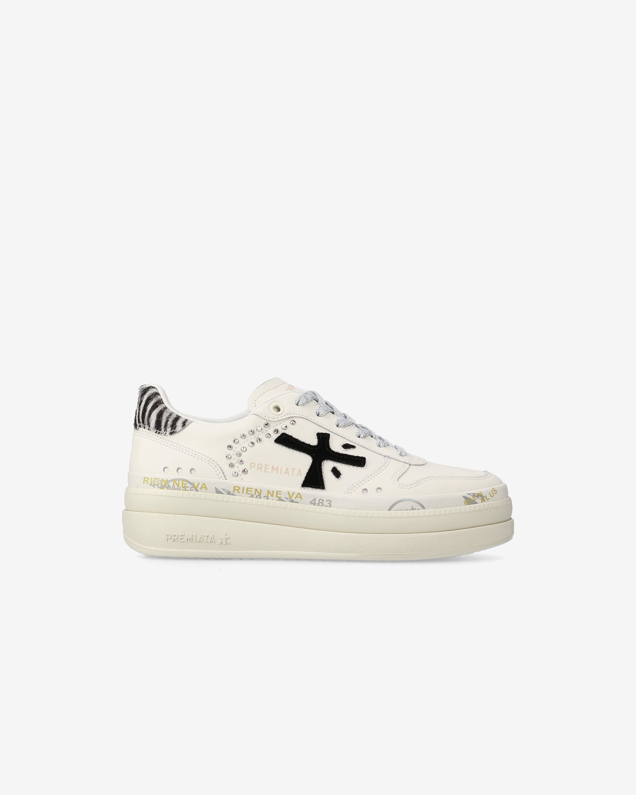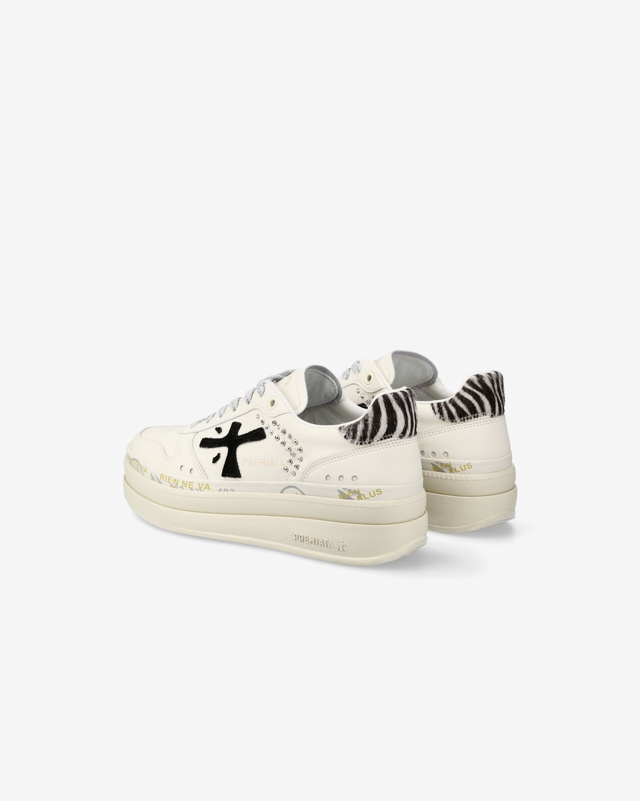 Among Premiata's new must-haves. Style reaches new heights, combining designs such as a double-layered platform sole with a midsole embellished with the brand's iconic stamps.
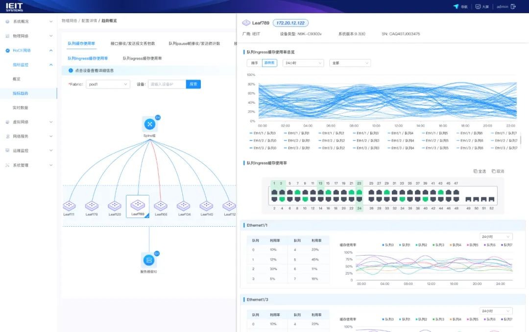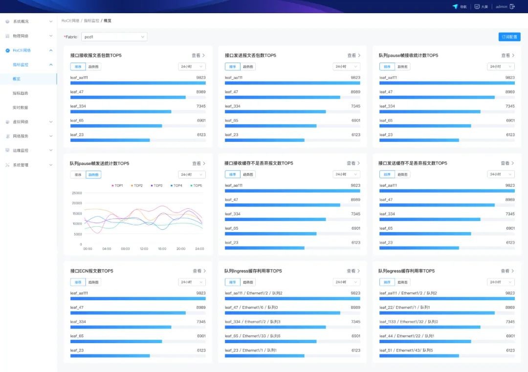 自定义可视化仪表盘:用户可多维度自定义网络监控仪表盘,实现对RoCE流量、带宽负载、延迟、丢包、拥塞等AI训练和推理过程中的核心关键指标进行个性化监控管理。
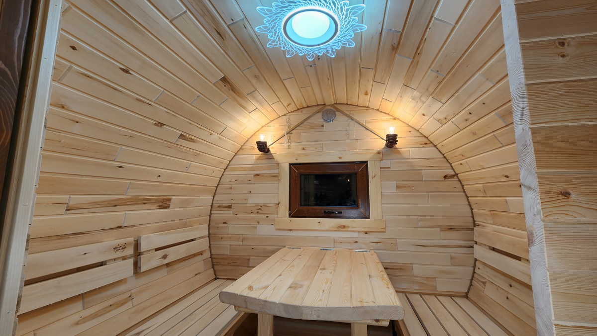 Комната отдыха небольшая, но вместительная: лавочки, трансформирующиеся в большую кровать, откидной стол, шкаф на 4 полки — что ещё нужно для комфортного отдыха? В парной тоже уютно: широкий полок, небольшое окошко, лавочки. Вода подведена отдельно, есть водонагреватель для комфортного использования, пароперегреватель. Печь установлена с наружной топкой, под 120 кг габбро-диабаза, однако напомним, что выбрать печь для бани-бочки можно и другой ком

***

**Work instruction:** Would you return all of the data above word for word, omitting every picture?

**Answer to this problem:**
 Among Premiata's new must-haves. Style reaches new heights, combining designs such as a double-layered platform sole with a midsole embellished with the brand's iconic stamps.
 自定义可视化仪表盘:用户可多维度自定义网络监控仪表盘,实现对RoCE流量、带宽负载、延迟、丢包、拥塞等AI训练和推理过程中的核心关键指标进行个性化监控管理。
 Комната отдыха небольшая, но вместительная: лавочки, трансформирующиеся в большую кровать, откидной стол, шкаф на 4 полки — что ещё нужно для комфортного отдыха? В парной тоже уютно: широкий полок, небольшое окошко, лавочки. Вода подведена отдельно, есть водонагреватель для комфортного использования, пароперегреватель. Печь установлена с наружной топкой, под 120 кг габбро-диабаза, однако напомним, что выбрать печь для бани-бочки можно и другой ком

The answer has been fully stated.